*Your assignment*
A word-for-word copy of the lines below, starting at the line with "Bebilderte Orientierungshilfen für" and ending at the last one, is what you should give. Omit every picture.

*Information provided*
---
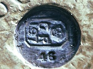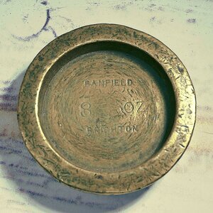 Ein englisches Gewichtsstück aus einem Gewichtsstapel. Flaches Gewichtsstück aus Messing mit sehr deutlichem Rand. Auf der Vorderseite sind folgende Inschriften zu finden: BANFIELD (wohl der Name des Herstellers) 8 OZ (8 unzen = 226,72 g) BRIGHTON (wohl der Firmensitz) Auf Rückseitseite steht die Inschrift COW (Bedeutung unklar) In der Justiermulde (die runde Aussparung in der Mitte) wurde Blei eingegossen. In diese wurde - nachdem das Gewicht durch Bleieintrag justiert wurde - eine Eichmarke gedrückt. Sie zeigt oben eine Krone, unten die Zahl 9 und dazwischen mit etwas Fantasie die Buchstaben G und R. Rechts von der Eichmarke ist um 90° gedreht die Zahl 46 zu sehen.
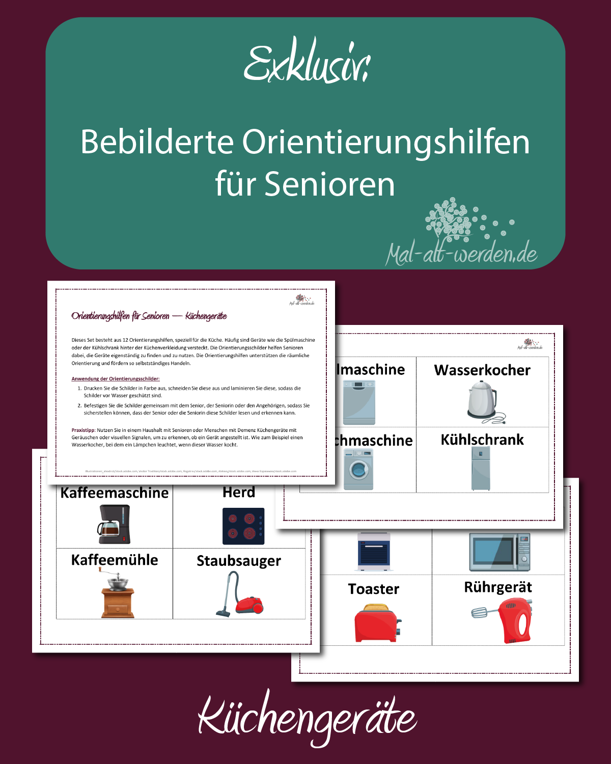 Bebilderte Orientierungshilfen für typische Küchengeräte zum Ausdrucken. Mit dem Orientierungshilfen-Paket für Senioren erhalten Sie 12 verschiedene bebilderte Orientierungshilfen mit typischen Küchengeräten eines Haushaltes. Die Orientierungshilfen sind für Senioren und Menschen mit Demenz entwickelt worden und enthalten ein Bild des Gegenstandes und den dazugehörigen Namen des Küchengerätes. Die Orientierungshilfen ermöglichen den Senioren ein selbstständiges Handeln im Alltag.
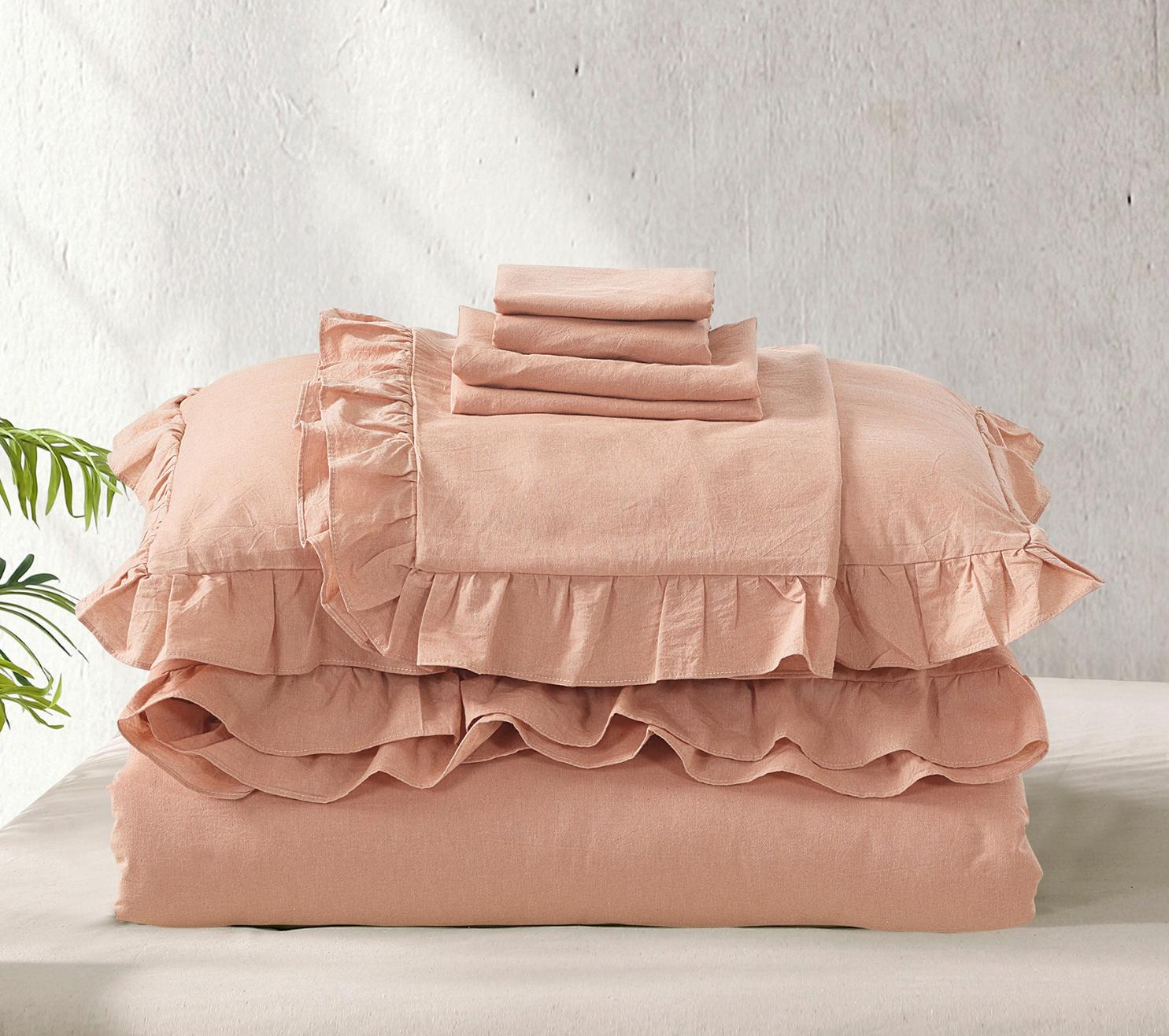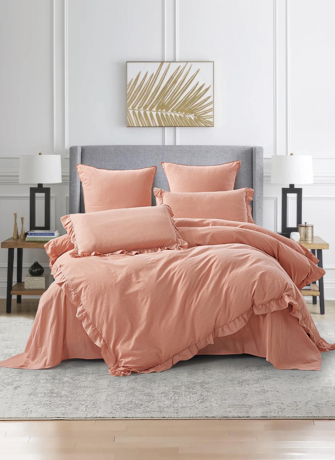 Постельное бельё с рюшами серии VJ торговой марки "Karteks", выполненное из "варёного хлопка", отличается лёгким жатым эффектом, повышенной плотностью, износостойкостью, воздухопроницаемостью, выдерживает многочисленные стирки.
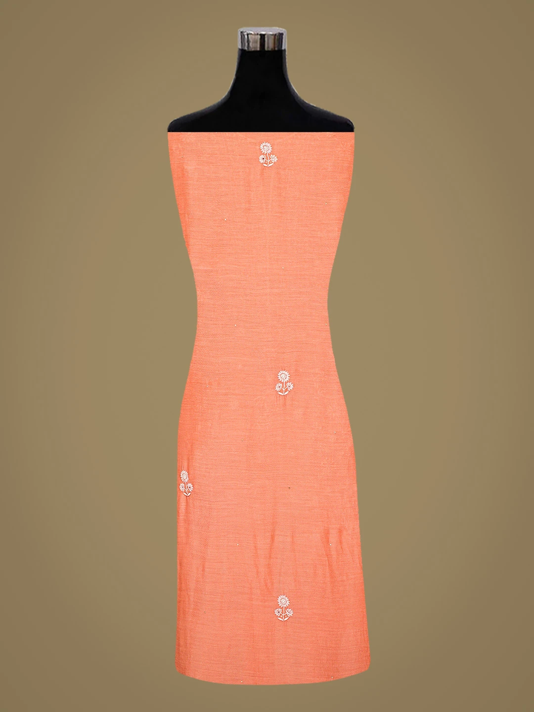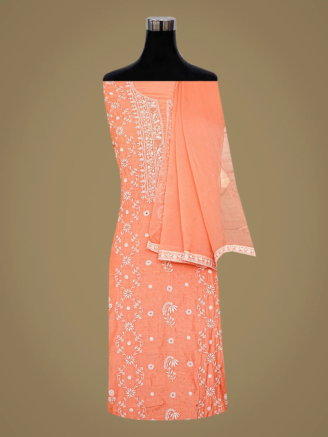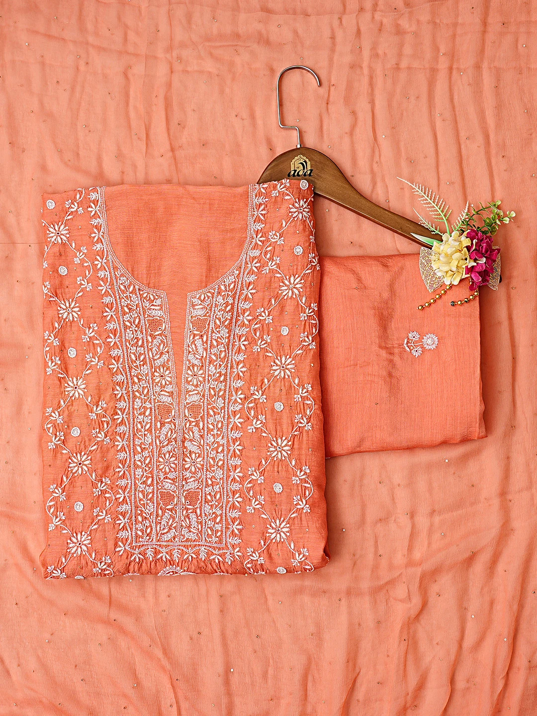 Ada Hand Embroidered Peach Muslin Lucknowi Chikankari Unstitched Suit Piece With Cutdana Work 01A488131
---
*Solution to the problem*
 Bebilderte Orientierungshilfen für typische Küchengeräte zum Ausdrucken. Mit dem Orientierungshilfen-Paket für Senioren erhalten Sie 12 verschiedene bebilderte Orientierungshilfen mit typischen Küchengeräten eines Haushaltes. Die Orientierungshilfen sind für Senioren und Menschen mit Demenz entwickelt worden und enthalten ein Bild des Gegenstandes und den dazugehörigen Namen des Küchengerätes. Die Orientierungshilfen ermöglichen den Senioren ein selbstständiges Handeln im Alltag.
 Постельное бельё с рюшами серии VJ торговой марки "Karteks", выполненное из "варёного хлопка", отличается лёгким жатым эффектом, повышенной плотностью, износостойкостью, воздухопроницаемостью, выдерживает многочисленные стирки.
 Ada Hand Embroidered Peach Muslin Lucknowi Chikankari Unstitched Suit Piece With Cutdana Work 01A488131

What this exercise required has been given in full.